Low-dose THC may reduce side effects of HIV medication, study finds

SAN ANTONIO — Long-term, ultra-low doses of THC may reduce chronic inflammation and mitigate the harmful side effects of HIV treatments, according to a new study from the Texas Biomedical Research Institute.

The pre-clinical research focused on THC, the primary active compound in cannabis. Scientists administered extremely low doses that did not produce psychoactive effects, such as euphoria, while monitoring the impact on health.

Researchers observed several potential benefits, including reduced inflammation, lower cholesterol, and a decrease in toxic secondary bile acids. The study also recorded higher levels of serotonin.

One of the most significant findings was that viral suppression remained effective even with lower concentrations of antiretroviral therapy (ART) drugs in the blood. Researchers say this could potentially reduce the long-term burden on the liver for patients.

The study, published in the journal Science Advances, was conducted using non-human primate models that closely mimic humans living with HIV and undergoing ART.

While modern antiretroviral therapy effectively controls HIV, long-term use of the medication is known to cause secondary health issues. Researchers noted that further studies are required to determine if these results can be replicated in humans.

The core significance of this research lies not in the broad medicalization of cannabis, but in the specific application of ultra-low-dose THC at non-psychoactive levels. By isolating therapeutic benefits from the "high" associated with recreational use, the study outlines a commercially viable and politically less volatile pathway for pharmaceutical development.

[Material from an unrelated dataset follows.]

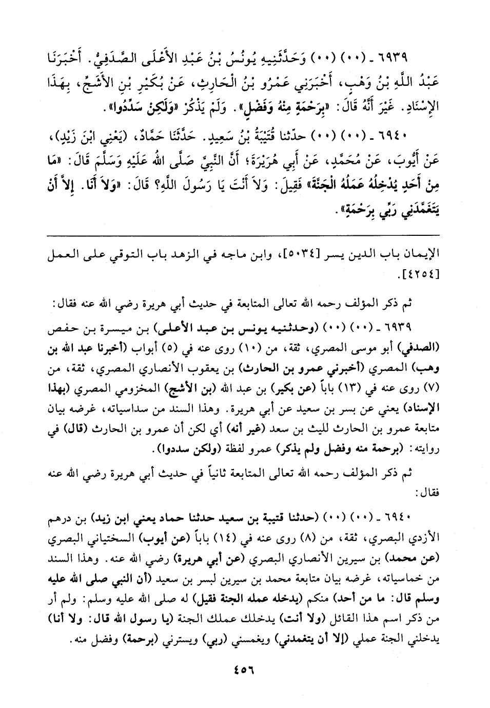 ٦٩٤٠ - (٠٠) (٠٠) (حدثنا قتيبة بن سعيد حدثنا حماد يعني ابن زيد) بن درهم الأزدي البصري، ثقة، من (٨) روى عنه في (١٤) بابًا (عن أيوب) السختياني البصري (عن محمد) بن سيرين الأنصاري البصري (عن أبي هريرة) رضي الله عنه. وهذا السند من خماسياته، غرضه بيان متابعة محمد بن سيرين لبسر بن سعيد (أن النبي صلى الله عليه وسلم قال: ما من أحد) منكم (يدخله عمله الجنة فقيل) له صلى الله عليه وسلم: ولم أر من ذكر اسم هذا القائل (ولا أنت) يدخلك عملك الجنة (يا رسول الله قال: ولا أنا) يدخلني الجنة عملي (إلا أن يتغمدني) ويغمسني (ربي) ويسترني (برحمة) وفضل منه.

The most critical finding involves the reduction of Antiretroviral Therapy (ART) concentrations in the body without compromising viral suppression. This addresses a major bottleneck in long-term HIV management: the cumulative toxicity of ART. For patients who have been on these regimens for decades, the resulting liver and organ damage remains a primary clinical challenge. If low-dose THC can indeed facilitate faster drug metabolism while maintaining efficacy, it would signal a paradigm shift in HIV care—moving the needle from mere survival to the long-term preservation of patient health and quality of life.

Furthermore, the data regarding serotonin modulation via the brain-gut axis suggests that the utility of low-dose THC may extend well beyond HIV. The mechanism points toward potential breakthroughs in treating chronic inflammation and neurological comorbidities, including clinical depression and the persistent symptoms of Long COVID. While these results stem from animal models, the methodological rigor and the breadth of positive outcomes provide a substantive foundation for the human clinical trials necessary to transition this from a laboratory finding to a regulatory reality.